In these pages, we often drop back for a look at early tractors, steam traction engines or stationary gas engines. We think about what it would be like to try to farm with such comparatively primitive machines.
Sometimes we look at windmills and reflect on the challenges of a stretch of time when the wind didn’t blow. We consider the danger or inefficiency of early farm equipment or early designs that made no provision whatsoever for the operator’s comfort.
But in this issue of Farm Collector, we drop further back and learn about the almost unimaginably complicated and time-consuming process of creating a fabric – linen – from a plant. In this issue, a Missouri man shares the story of the tools used to convert flax into a product that could be worked in a spinning wheel, eventually producing linen.

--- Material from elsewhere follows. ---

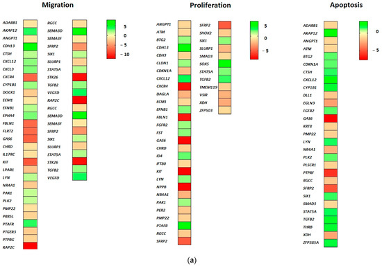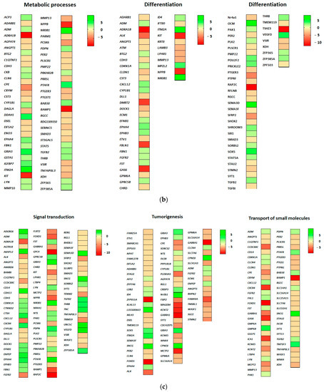 (a) DEGs related to proliferation, apoptosis and cell migration. (b) DEGs related to metabolic processes and cell differentiation. (c) DEGs related to signal transduction, cell transport and tumorigenesis. Green-shaded genes—upregulated, red-shaded genes—downregulated. Shading intensity indicates the degree of upregulation or downregulation. Range of the fold change (logFC values) is presented in the scale.

It was, by and large, women’s work. Speaking as a woman, I sympathize with my forebears who transformed a plant into cloth through a slow and tedious process. After all that toil, I cannot imagine the heartbreak of a ripped shirt.

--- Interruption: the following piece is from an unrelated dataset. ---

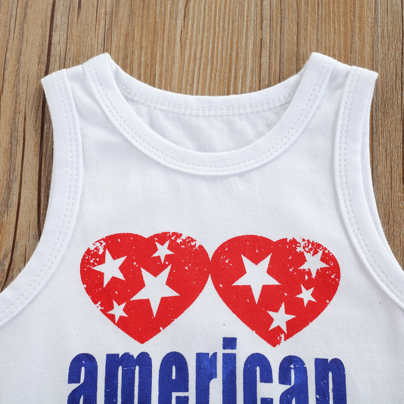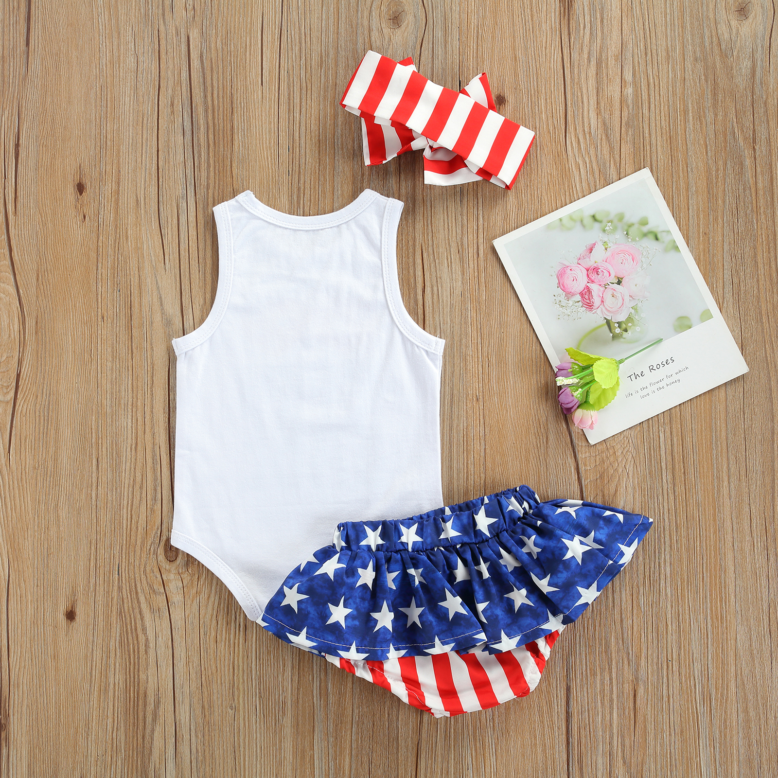 Комплект одежды из 3 предметов для новорожденных на День Независимости, комбинезон + Полосатые трусики со звездами + повязка на голову, на возраст 0-24 месяца, без рукавов принт буквы

Then, via Clell Ballard’s article on homesteaders’ “prove-up shacks,” my mind wandered to what it would be like to live in a primitive one-room dwelling with gaps between each board. Rain, snow and wind were basically invited in, as were grasshoppers and mice. The womenfolk were probably so totally engaged in keeping children alive and the family fed that order and cleanliness in such a shack were the least of their worries.
And finally, through an article by Phil Badger, we learn of the way vehicles and tractors were fueled in Europe during World War II, when gasoline was nearly impossible to obtain. If some unimaginable emergency created a similar scenario in this country, I fear the moxie needed to replicate that solution might be in short supply.
Ever find yourself frustrated by a slow delivery (that is, one that takes maybe three days to arrive from the opposite side of the country) or a balky computer or a vexing problem with your tractor or mower? Take a minute to consider aspects of life 150 or 200 years ago that are unimaginable today. A little perspective is a useful thing!